Bien que les données sur la répartition géographique du terrorisme soient globalement insuffisantes, il apparaît que la plupart du temps (dans 88% des cas) les actes terroristes interviennent dans le pays d’origine des agresseurs. Le terrorisme « international » est, en réalité, essentiellement local. Le cas du 11 septembre est donc tout à fait atypique. Et bien que dans 62 % des agressions les religions des agresseurs et celles des victimes soient différentes, la probabilité que deux personnes tirées au hasard dans le monde soient de deux religions différentes est de 77%, ce qui signifie que les actes terroristes ne sont pas particulièrement polarisés par des considérations religieuses.

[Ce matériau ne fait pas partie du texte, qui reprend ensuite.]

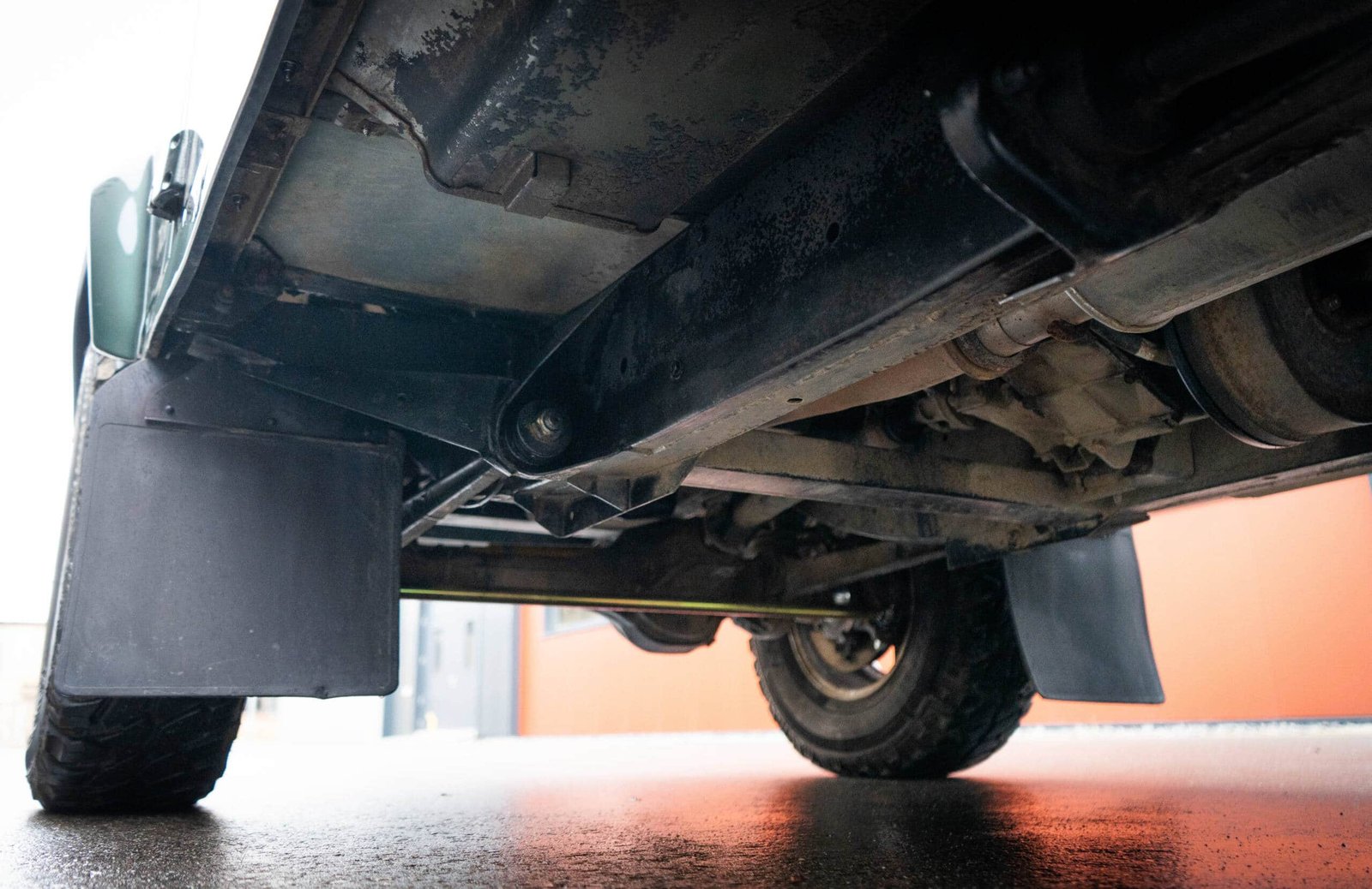 The chassis presents in remarkable original condition for its age, showing none of the typical corrosion often seen on northern European Defenders. Its preservation is due in part to long-term dry storage and limited use.
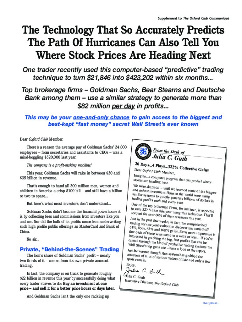 Supplement to The Oxford Club Communiqué Technology That So Accurately Predicts The Path Of Hurricanes Can Also Tell You Where Stock Prices Are Heading Next One trader recently used this computer
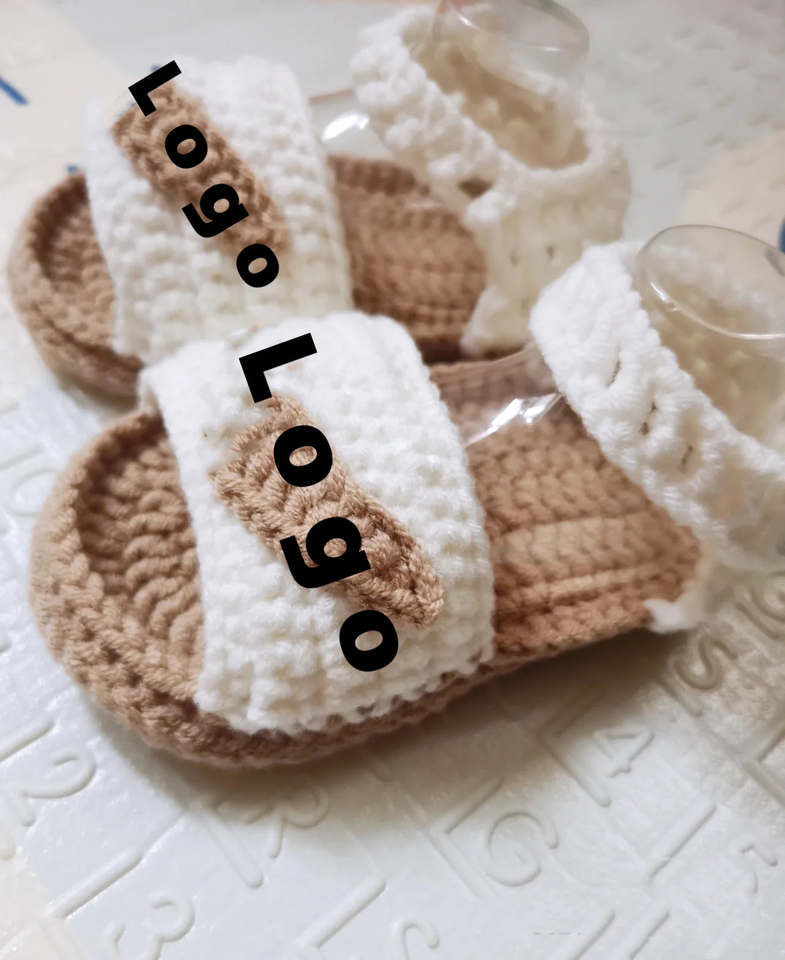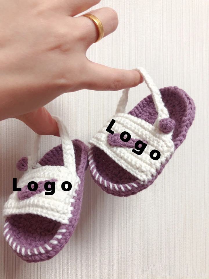 Zapatos bonitos personalizados para bebé, sandalias coreanas con logotipo personalizado, zapatos de ganchillo a mano, colores caramelo para niños

Une analyse des pays d’origine et de destination montre que les principaux pays d’origine des terroristes se distinguent par l’importance de leur population, la faiblesse des droits politiques, et le peu de distance par rapport aux pays cibles. Pour ces derniers les caractéristiques les plus déterminantes sont le niveau de revenu par tête et des libertés civiles, ainsi que le volume de leur population, leur statut d’occupant d’un autre pays, tandis que la distance par rapport aux pays d’origine réduit pour eux la probabilité de devenir une cible.
Cependant, la relative rareté des données devrait inciter les responsables de la lutte anti-terroriste à concentrer leurs efforts sur la connaissance statistique du phénomène s’ils veulent améliorer l’efficacité de leurs actions.

S’agissant enfin des effets du terrorisme, l’auteur conclut plutôt à la faiblesse des conséquences économiques, de façon moins certaine à des effets psychologiques réels, tenant peut-être principalement à l’incompréhension du phénomène qui est source de crainte diffuse, et à des effets politiques assez bien documentés en termes électoraux (comme l’illustre par exemple le cas en Espagne du Parti Populaire après les attentats de 2004), ce qui n’est pas très étonnant si l’on considère que le terrorisme est une criminalité à but affiché principalement politique.

Le lecteur de cet intéressant ouvrage finira probablement sa lecture en ayant sensiblement changé sa perception du phénomène étudié, ce qui, somme toute, n’est pas si fréquent et ouvre certainement la voie à une meilleure définition des politiques publiques.

Alan B. Krueger.
What Makes a Terrorist. Economics and the Roots of Terrorism.
Princeton University Press, 2007. 180 p.